The merchant can further raise the chance of a frictionless flow / conversion rate by sending more optional fields.

10.3.4 Exemptions of 3DS

For some transactions, the merchant might be able to skip 3DS (resulting in a frictionless flow) and go for the authorization directly. This process is limited to transactions which are either excluded from SCA (as described above) or which can benefit from specific exemptions. These exemptions need to be part of an agreement between the merchant and his / her acquirer.

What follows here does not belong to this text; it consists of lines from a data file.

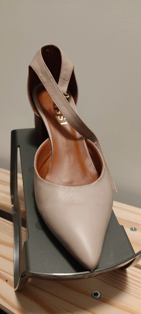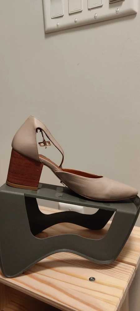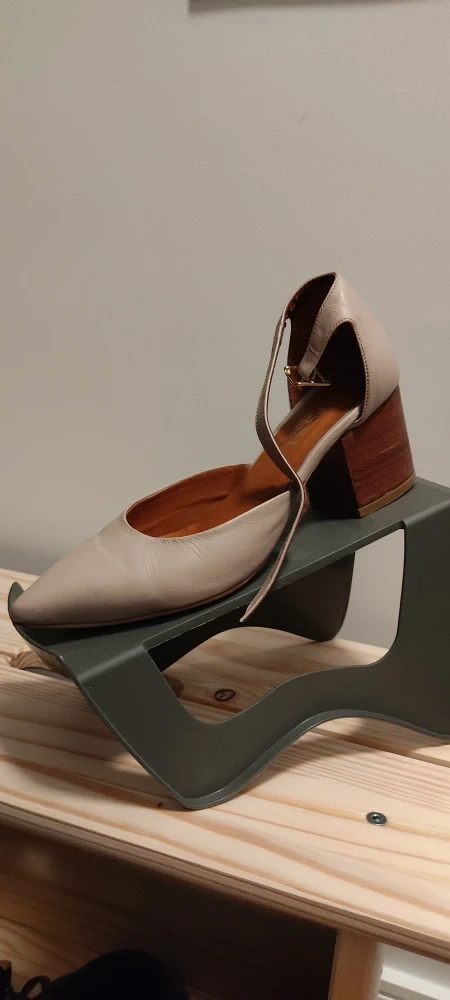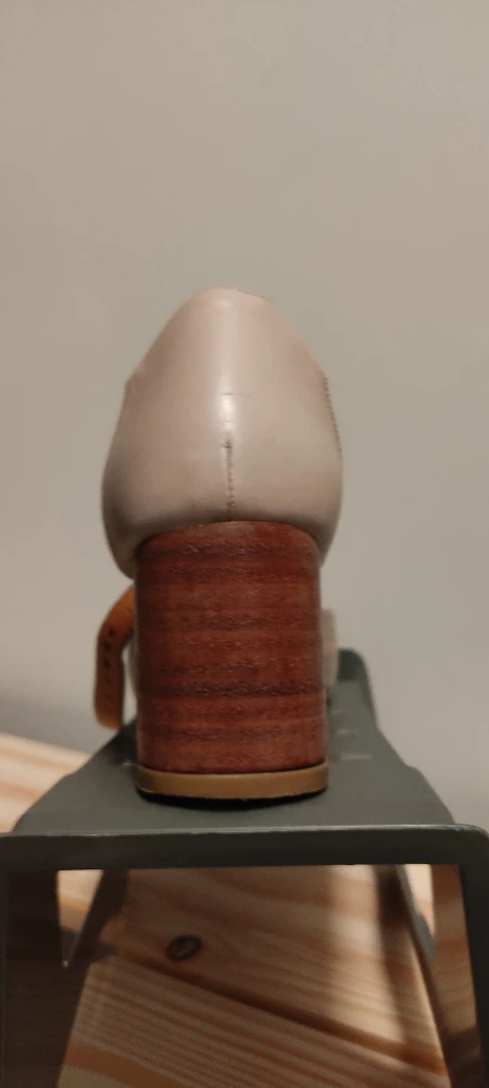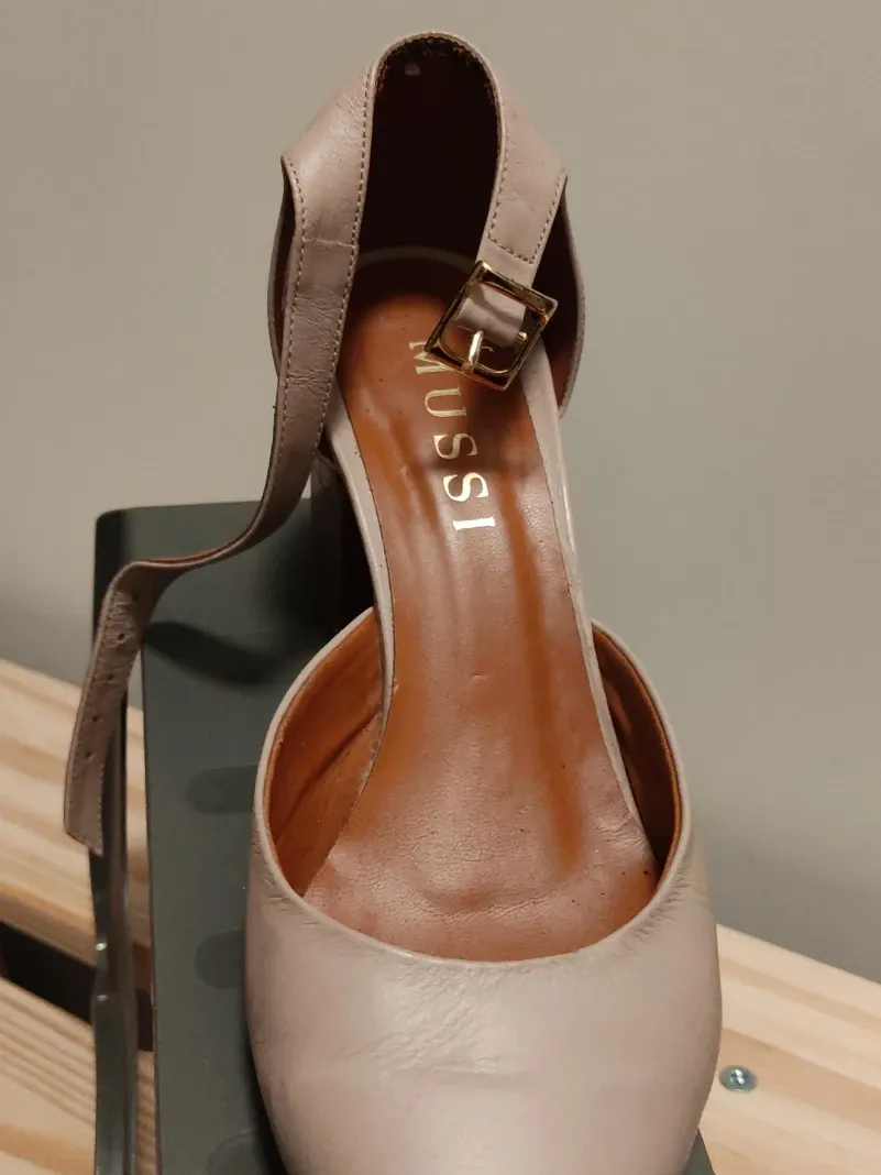 These are a pair of stylish beige ankle strap heels from MUSSI (Colombian brand specialized in sustainable real leather). They feature a wood-look block heel and a pointed toe. Perfect for dressing up or down!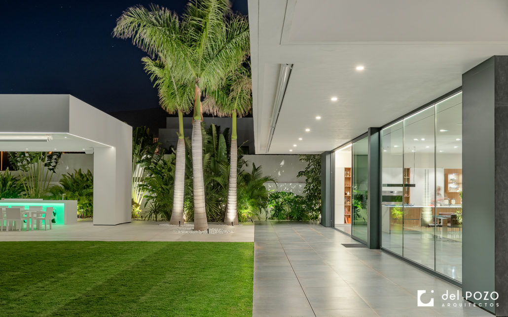 La Villa de Lujo en el Barranco del Inglés, Adeje dispone de control de exteriores mediante detectores de presencia, asimismo se puede establecer un control horario y ejecución de distintas escenas, que concede al usuario definir ajustes de escena que permiten iluminar un área en base a las necesidades de iluminación y actividades que se realizan en ella.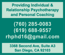 • Gay and Lesbian Issues – including Aging, Identity, Coming Out, Relationships   (offering support as a gay psychologist / psychotherapist in San Diego)
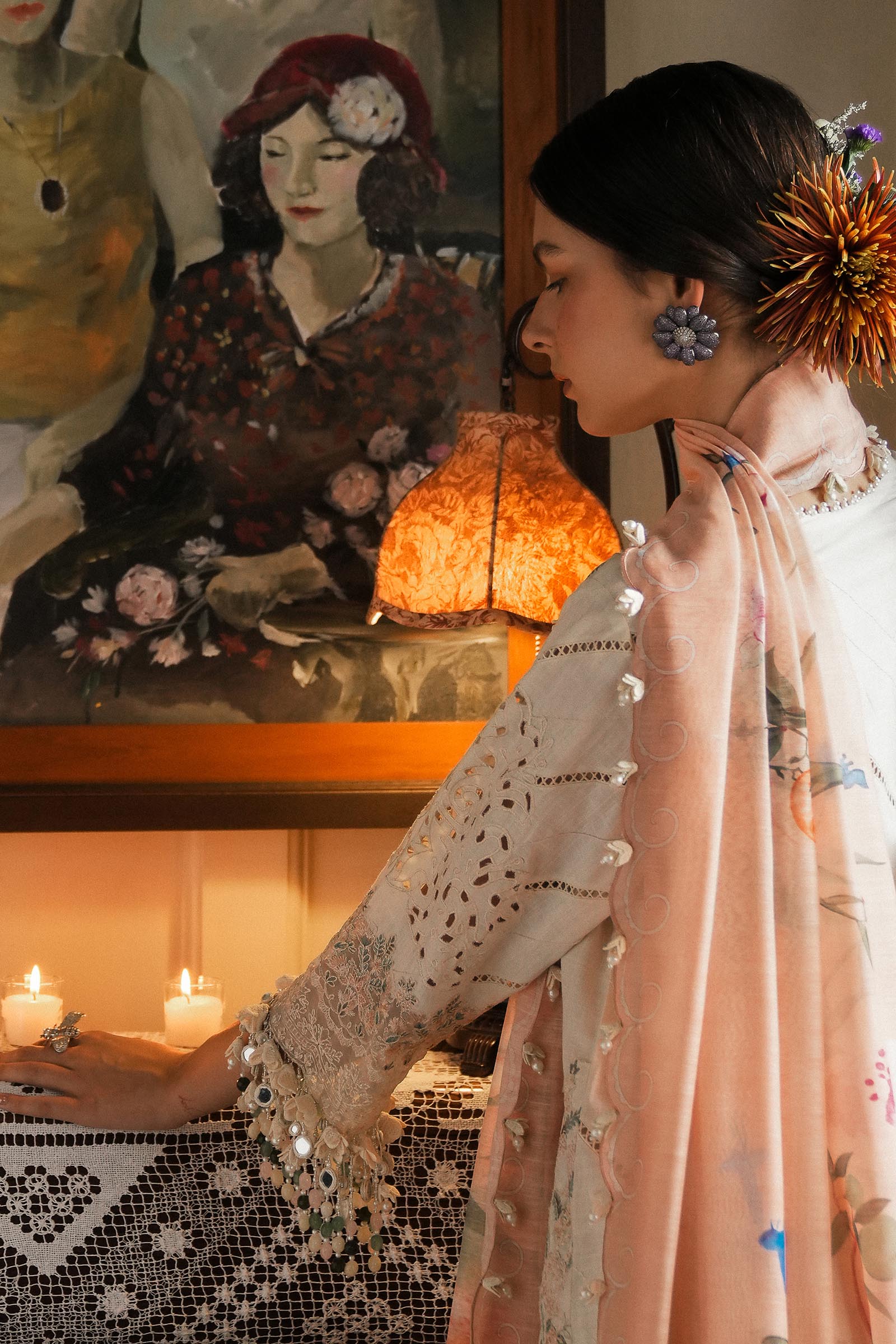 | Embrodiered Sleeves On Slub Lawn | 4 Peices |

In a scenario like this, the merchant will indicate to skip the authentication process by sending these additional parameters:

Parameter	Values	Mandatory / Optional
FLAG3D	N = Skip the 3DS authentication process	Mandatory (in case 3DS should be skipped)
3DS_EXEMPTION_INDICATOR	03 = Issuer TRA* 04 = Low amount exemption 05 = Merchant/Acquirer TRA* 06 = White Listing 07 = Corporate 08 = Delayed Shipment 09 = Delegated authentication (certified wallet)	Mandatory (in case 3DS should be skipped)

* Transaction risk analysis

However, it is still up to the issuer whether an authentication process has to take place. In case the issuer insists on 3DS, the transaction will be declined.